Гитлер, как и Сталин, военного образования не имел и решения стал принимать скоропалительные, после провала операции «Тайфун» начал снимать с должностей генералов. Пользы для вермахта это не принесло. Но все же Германия была достаточно сильна, чтобы оправиться, подтянуть резервы и летом 1942 года наступать на два направления сразу – на Сталинград, чтобы перерезать Волгу, по которой шел грозненский и бакинский бензин, и на Кавказ, чтобы выйти к иранской нефти. Вермахту катастрофически не хватало бензина. Румынский использовался только для авиации, а синтетический для транспорта и бронетехники, да и то его не хватало. Гитлер посчитал, что если лишить Красную армию поставок нефти, Москва падет и так, без усилий. Адольф не планировал захватить всю территорию Советского Союза, дойти только до Урала на востоке и занять Кавказ на юге. За Уралом климат для арийцев слишком суровый и выжить там могут только варвары.
Павел в полку и разведке освоился. Дважды попадал под атаки «мессеров», но «яки» благополучно связали их боем, и удалось вернуться даже без повреждений. Хотя сам понимал, что случись «худых» числом побольше, шансов уйти не будет. Потому как у пулемета ШКАС калибр винтовочный и, несмотря на высокий темп стрельбы, поражающее действие пули невелико.

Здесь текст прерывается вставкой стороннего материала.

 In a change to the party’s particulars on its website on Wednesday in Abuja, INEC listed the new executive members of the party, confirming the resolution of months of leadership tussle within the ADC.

А потом долгожданная весна. Зима снежная выдалась, таяло активно. При полетах летчики видели, что окопы и траншеи зачастую залиты водой. На аэродроме Быково ВПП от снега очистил бульдозер, да и покрытие твердое, кирпичное. А стоянки грунтовые. Днем снег тает, ночью вода замерзает. Чтобы сдвинуть самолет с места, техникам и механикам приходится каждое утро работать лопатами. При рулежке по полосе водяные фонтаны в стороны летят, бьют по фюзеляжу, а на высоте вода замерзает тонкой коркой, даже было несколько раз, что лед мешал открыть створки бомболюка.

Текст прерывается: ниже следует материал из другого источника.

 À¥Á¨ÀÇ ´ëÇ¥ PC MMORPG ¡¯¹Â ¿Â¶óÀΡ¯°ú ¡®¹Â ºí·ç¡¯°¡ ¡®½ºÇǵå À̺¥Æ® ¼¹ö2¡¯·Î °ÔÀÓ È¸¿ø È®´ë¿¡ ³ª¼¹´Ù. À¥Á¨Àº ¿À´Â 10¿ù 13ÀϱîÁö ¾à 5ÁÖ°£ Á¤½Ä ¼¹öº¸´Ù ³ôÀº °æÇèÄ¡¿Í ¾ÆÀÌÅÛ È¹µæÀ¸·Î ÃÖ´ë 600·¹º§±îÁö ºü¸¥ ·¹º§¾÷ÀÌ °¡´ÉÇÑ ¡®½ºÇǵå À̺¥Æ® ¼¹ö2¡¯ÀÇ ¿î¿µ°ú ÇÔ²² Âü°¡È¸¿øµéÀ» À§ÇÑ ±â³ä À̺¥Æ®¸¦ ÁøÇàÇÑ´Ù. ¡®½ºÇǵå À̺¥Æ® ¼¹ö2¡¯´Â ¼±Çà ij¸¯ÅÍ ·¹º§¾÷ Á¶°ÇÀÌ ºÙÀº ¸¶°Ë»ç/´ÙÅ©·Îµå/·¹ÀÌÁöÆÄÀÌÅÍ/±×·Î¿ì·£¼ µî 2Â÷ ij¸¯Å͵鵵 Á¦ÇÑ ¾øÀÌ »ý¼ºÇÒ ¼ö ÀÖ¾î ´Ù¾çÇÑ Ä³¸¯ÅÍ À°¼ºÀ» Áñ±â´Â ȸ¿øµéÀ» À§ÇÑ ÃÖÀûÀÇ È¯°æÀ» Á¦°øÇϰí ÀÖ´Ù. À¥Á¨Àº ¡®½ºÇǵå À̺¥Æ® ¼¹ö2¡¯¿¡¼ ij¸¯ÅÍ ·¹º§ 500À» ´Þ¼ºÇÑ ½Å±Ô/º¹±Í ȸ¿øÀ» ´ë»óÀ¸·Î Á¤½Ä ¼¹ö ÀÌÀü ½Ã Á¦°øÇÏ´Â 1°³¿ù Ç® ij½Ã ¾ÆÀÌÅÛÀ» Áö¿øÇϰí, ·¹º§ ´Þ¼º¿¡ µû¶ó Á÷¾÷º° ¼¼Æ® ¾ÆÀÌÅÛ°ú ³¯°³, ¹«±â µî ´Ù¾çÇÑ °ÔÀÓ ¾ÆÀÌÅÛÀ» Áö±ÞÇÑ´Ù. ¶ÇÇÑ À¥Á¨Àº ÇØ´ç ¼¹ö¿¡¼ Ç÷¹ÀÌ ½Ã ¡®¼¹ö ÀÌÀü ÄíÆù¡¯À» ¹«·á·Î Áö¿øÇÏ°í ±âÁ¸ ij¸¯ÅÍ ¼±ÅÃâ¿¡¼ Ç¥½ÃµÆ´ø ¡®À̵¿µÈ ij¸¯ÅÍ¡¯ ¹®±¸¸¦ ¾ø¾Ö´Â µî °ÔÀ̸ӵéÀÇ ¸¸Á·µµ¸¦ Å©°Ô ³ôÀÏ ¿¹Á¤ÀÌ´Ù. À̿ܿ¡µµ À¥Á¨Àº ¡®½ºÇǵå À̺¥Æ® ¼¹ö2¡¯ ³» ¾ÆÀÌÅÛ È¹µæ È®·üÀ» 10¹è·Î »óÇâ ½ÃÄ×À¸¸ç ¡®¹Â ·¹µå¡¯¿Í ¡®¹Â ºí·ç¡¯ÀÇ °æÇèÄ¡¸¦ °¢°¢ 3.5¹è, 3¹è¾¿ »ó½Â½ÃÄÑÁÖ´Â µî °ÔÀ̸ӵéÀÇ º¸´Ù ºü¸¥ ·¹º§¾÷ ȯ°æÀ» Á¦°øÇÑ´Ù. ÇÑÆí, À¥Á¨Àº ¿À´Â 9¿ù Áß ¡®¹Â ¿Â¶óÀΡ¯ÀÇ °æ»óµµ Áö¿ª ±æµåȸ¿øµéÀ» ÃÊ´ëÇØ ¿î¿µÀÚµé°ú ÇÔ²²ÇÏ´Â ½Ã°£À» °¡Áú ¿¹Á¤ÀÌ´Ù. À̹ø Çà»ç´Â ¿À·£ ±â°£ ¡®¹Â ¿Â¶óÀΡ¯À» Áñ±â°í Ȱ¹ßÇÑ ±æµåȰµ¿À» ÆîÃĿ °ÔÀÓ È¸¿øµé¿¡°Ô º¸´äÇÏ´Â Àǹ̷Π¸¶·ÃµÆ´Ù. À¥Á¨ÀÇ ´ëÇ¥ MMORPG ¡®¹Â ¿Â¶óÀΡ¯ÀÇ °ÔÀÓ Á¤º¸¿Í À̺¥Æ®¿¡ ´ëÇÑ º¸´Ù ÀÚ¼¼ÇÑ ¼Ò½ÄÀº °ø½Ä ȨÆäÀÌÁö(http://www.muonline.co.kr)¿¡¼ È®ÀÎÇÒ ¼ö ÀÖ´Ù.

Активные боевые действия с обеих сторон прекратились, дороги превратились в направления, преодолеть которые могла только гусеничная техника. Обе стороны по железной дороге подвозили топливо, боеприпасы, провизию, медикаменты. Но дальше железнодорожных пакгаузов ничего из доставленного не шло, распутица. Ни в немецкой, ни в Красной армии грузовиков повышенной проходимости в достаточном количестве не было. Только по осени 1942 года американцы начали поставлять в СССР «Студебеккер», машину надежную, со всеми ведущими мостами, с высокой проходимостью. Грузовик сразу полюбился фронтовым шоферам, как и «Бантам-Виллис».

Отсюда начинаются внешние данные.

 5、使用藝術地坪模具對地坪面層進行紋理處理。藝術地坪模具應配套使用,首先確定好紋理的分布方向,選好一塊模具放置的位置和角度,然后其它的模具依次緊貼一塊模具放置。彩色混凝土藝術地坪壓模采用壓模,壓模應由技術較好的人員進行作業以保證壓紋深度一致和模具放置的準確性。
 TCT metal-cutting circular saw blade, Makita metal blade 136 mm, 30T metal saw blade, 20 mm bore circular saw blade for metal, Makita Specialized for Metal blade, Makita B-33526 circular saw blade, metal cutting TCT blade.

Для авиаразведчиков новая задача – пролететь вдоль железнодорожных путей, сделать фото. Причем как днем, так и ночью. И наши и немцы старались погрузочно-разгрузочные работы вести ночью. У немцев разведывательный самолет есть «Фокке-Вульф-189», прозванный на фронте «рамой» за двухбалочный фюзеляж. Тихоходный, он часами мог висеть на большой высоте в 8–9 тысяч метров. По рации докладывал об обнаруженных целях, и тут же следовал или артиллерийский налет или бомбардировка «лаптежников», как прозвали пикирующий бомбардировщик «Юнкерс-87». Зенитная артиллерия до «рамы» не доставала, а и достала бы, сбить одиночный самолет затруднительно. Для истребителей тоже трудная цель, моторы должны иметь наддув, у летчика дыхательная аппаратура. К тому же «рама» имела хорошее оборонительное вооружение и могла постоять за себя. Потому «рама» считалась ценным трофеем.
Самолет под управлением Павла вылетел на дневную разведку. Задача – проверка железнодорожных станций и разъездов. Если боеприпасы и продовольствие, личный состав можно укрыть, то с тяжелой бронетехникой сложно. Главная ударная сила вермахта танки и самоходки. По весне деревья голые, без листьев и укрыть технику под их кронами не получится. Маскировочные сети рассчитаны на зиму или лето, имеют соответствующую раскраску, тоже не годятся.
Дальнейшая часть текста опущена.